Senga laughed and tapped the ox’s rump with the long, slender stick he carried. The creaking cart jolted over the uneven ground toward the moldering walls.

‘Ho, Senga!’ one of the slovenly guards at the gate greeted Kalten’s friend. ‘What kept you? It’s been as dry as a plate of sand since the last time you left.’

‘You fellows are overworking my brewer,’ Senga replied. ‘He can’t keep up with the demand. We have to let the beer age a little while before you drink it. Green beer does funny things to a man’s guts.’

‘You haven’t raised your prices again, have you?’

‘No. Same price as before.’

‘Ten times what you paid for the beer in the first place, I’ll wager.’

‘Oh, not quite that much. Where do you want me to set up?’

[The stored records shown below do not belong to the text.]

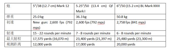值得一提的是大英的5.25。口径看着是小,实际上为了追求对海性能,极力优化对海弹道,装配重弹。导致其性能与美军5/38差异极大,简直不是一种东西。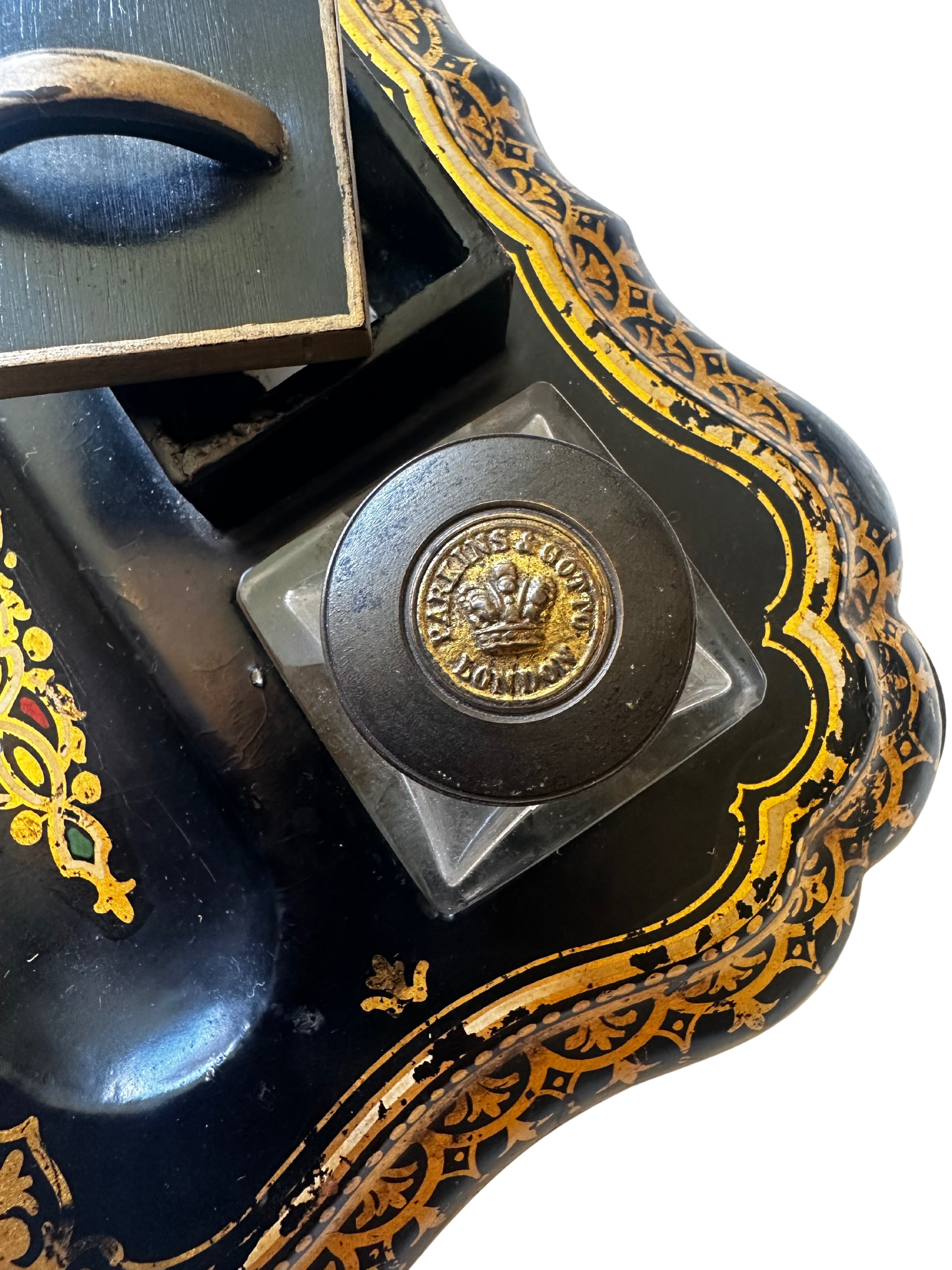 19th C Parkins & Gotto Black Lacquer Victorian Papier Mache Inkwell Set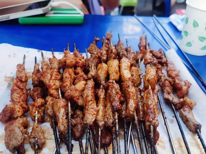 我们选了一家烤肉,那生意好的里面的烤肉师傅每个人都是上百串的烤,看着就带劲。一盘烤肉下去好了,肚子又交待了。

‘Same place as last time. I’ll pass the word, and they’ll start lining up.’

‘I want some guards this time, Mondra,’ Senga told him. ‘I don’t want another riot when the last cask runs dry the way there was last week.’

‘I’ll see to it. Save some for me.’

The ox-cart clattered through the gate and into a wide street where most of the moss had been worn off the cobblestones. A great deal of work had clearly taken place here in Natayos in the past few years. The squared-off stones of the broken walls had been rather carelessly re-stacked and then shored up with peeled log braces. Long-vanished roofs had been replaced with crude thatching made of tree-limbs, providing nesting sites for raucous tropical birds, and here and there blackened piles of half-burned trees and bushes marked the places where indifferent workmen had attempted to dispose of the mountains of brush that had been cleared from the streets and houses. The men living here lounged idly in the streets. There were Elenes from Astel, Edom, and Daconia, as well as Arjunis and Cynesgans. They were a roughly dressed, unshaven lot who showed no signs that they even knew the meaning of the word ‘discipline’.

‘What price are you getting for this?’ Kalten asked, patting one of the beer barrels in the cart.